Héroe por ley

¿Sabe quién fue el mayor Luis Alberto García Rojas?. Probablemente, no, pero pronto lo sabrá.

García Rojas fue piloto de helicóptero, que realizaba un vuelo de reconocimiento sobre la zona bélica durante la “guerra del Cenepa” contra Ecuador en 1995 cuando fue derribado por fuego ecuatoriano. La aeronave se precipitó hacia tierra muriendo todos los ocupantes.

En 2006, a finales del gobierno de Alejandro Toledo, la viuda del militar muerto consiguió que la Comisión Permanente del Congreso aprobase una ley declarando “héroe” a su marido y ordenando trasladar los restos del fallecido a la “Cripta de los Héroes”, creada en 1906 dentro del Cementerio Presbítero Maestro en Lima, donde reposan los restos del almirante Miguel Grau, el coronel Francisco Bolognesi, el mariscal Andrés Avelino Cáceres, el coronel Alfonso Ugarte y otros héroes y caídos durante la guerra contra Chile, entre 1879 y 1883. El último entierro allí fue realizado en 1961.
              
Desde 1997 el Ministerio de Defensa tiene un ente de “calificación de acciones heroicas”, que nunca ha calificado de héroe nacional a nadie. En 2006 no se le consultó sobre el caso García Rojas, por lo cual hasta 2015 ese ministerio se opuso al traslado de los restos del militar a la “Cripta de los Héroes”. La viuda recurrió al Poder Judicial y una acción de cumplimiento ordenó el traslado. El gobierno de Ollanta Humala iba a cumplir la resolución judicial este año, pero reculó.

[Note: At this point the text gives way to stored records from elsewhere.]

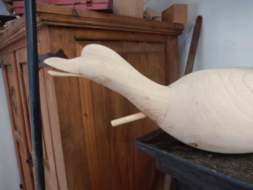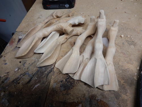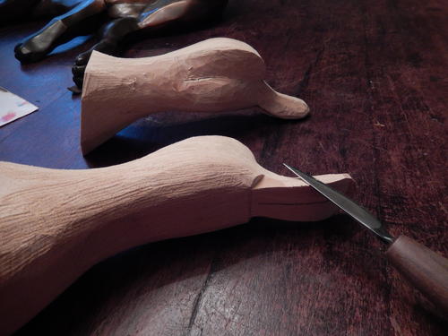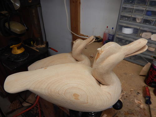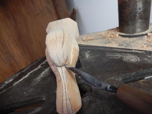 To work down the bodies, I used draw knives, spoke shaves, and rasps. I gave a bit of extra attention to the tail shapes, as they would be so prominent in the flying birds.
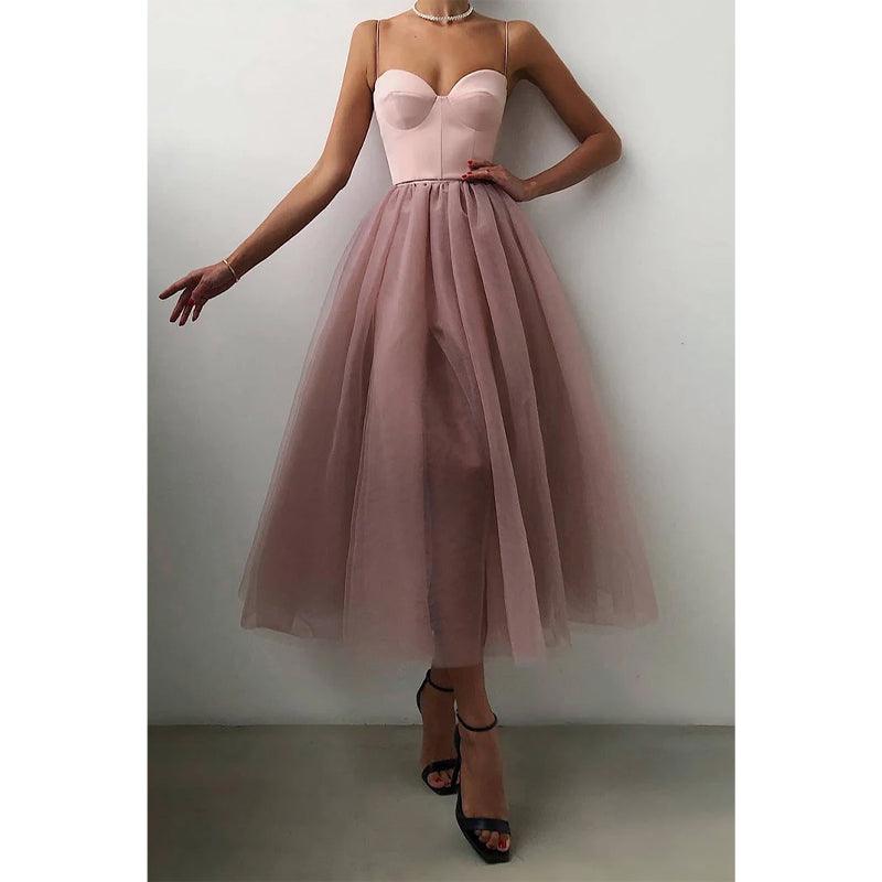 Vestido de fiesta de graduación sencillo con escote en V y tirantes finos
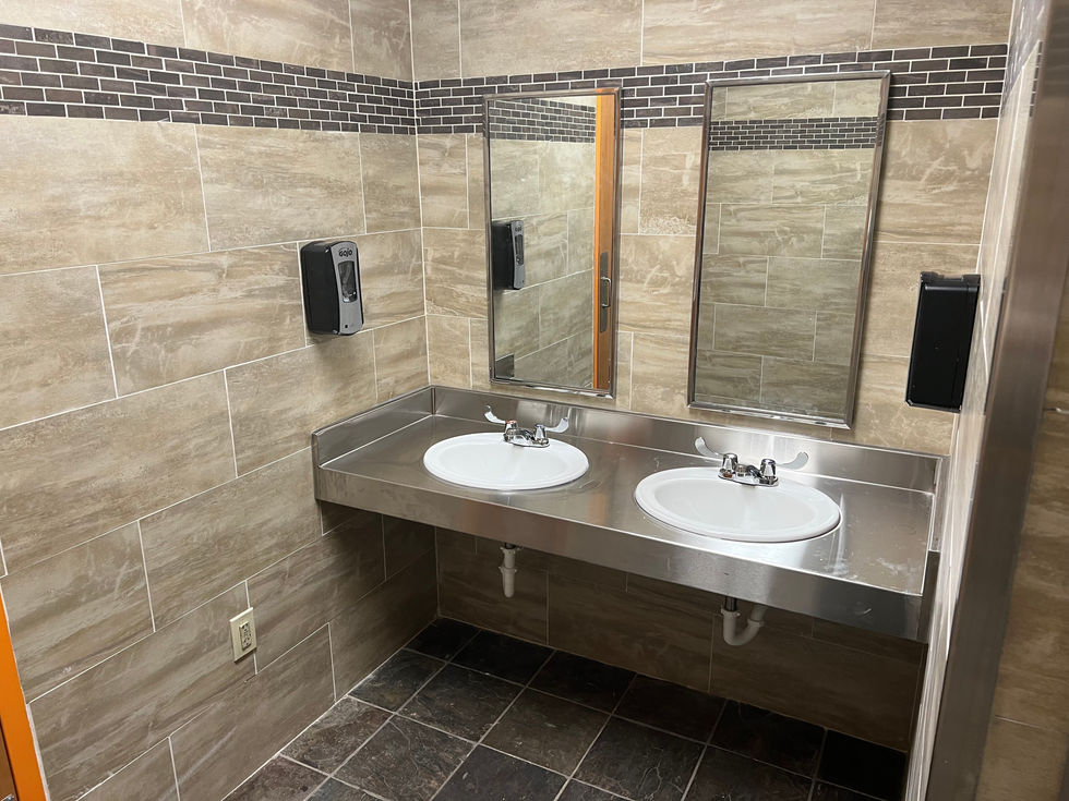 This project showcases the renovation of storefronts and outdoor spaces, featuring window tinting, tiled floors, and restroom vanity remodel. The images capture the transformation of commercial spaces with a focus on modern design and functionality.
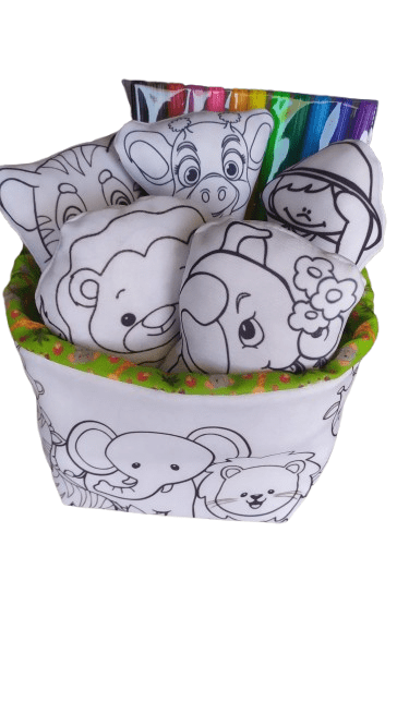 E mais: a embalagem também é feita de tecido e pode ser pintada e lavada quantas vezes a criança quiser — ela se transforma em um lindo cachepô para guardar os brinquedos.
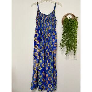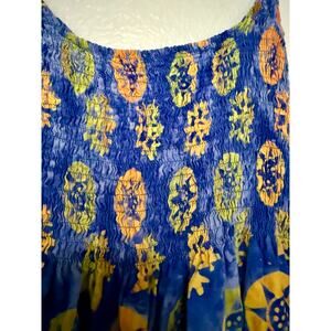 Blue tie dye maxi dress with yellow and green suns and snowflakes, representing both of those seasons. Spaghetti strap style straps, these are NOT adjustable. Ruched chest area with extra stretch. Made in Indonesia. 100% Rayon

El caso se mediatizó y suscitó opiniones diversas.

¿Los héroes nacionales se declaran por ley?. No lo creo. ¿Todo caído en armas es un héroe?. No necesariamente. ¿García Rojas merece descansar en la “Cripta de los Héroes”?. No más que héroes reconocidos como José Abelardo Quiñones (aviador muerto durante la guerra contra Ecuador en 1941), Alipio Ponce (capitán de la extinta Guardia Civil, también muerto durante la guerra contra Ecuador en 1941) o Daniel Alcides Carrión (médico y científico, inmolado en 1885), los numerosos militares y policías caídos en acción o ilustres civiles muertos por el terrorismo de Sendero Luminoso y el Movimiento Revolucionario Túpac Amaru (MRTA) durante las décadas de 1980 y 1990 o, incluso, el coronel Juan Valer, el único militar muerto de los comandos de la operación de rescate “Chavín de Huántar” en 1997. Nadie pidió la sepultura en la “Cripta de los Héroes” para ellos.

Sin embargo, salvo la inscripción afuera del mausoleo “La nación a sus defensores en la guerra de 1879”, legalmente, la “Cripta de los Héroes” no es exclusiva de los combatientes de la guerra contra Chile. Considerando que hay una resolución judicial ordenando cumplir la ley aprobada en 2006, el nuevo Gobierno nacional ha dispuesto el traslado de los restos de García Rojas, el Ministro de Defensa se ha “disculpado” públicamente con la viuda a nombre del Estado y la ceremonia fúnebre que se realizaría a inicios del próximo año será encabezada por el Presidente de la República.

Quizá se ha “hecho justicia” a García Rojas, pero una justicia con sabor a demagogia parlamentaria, ineptitud burocrática e injusticia histórica.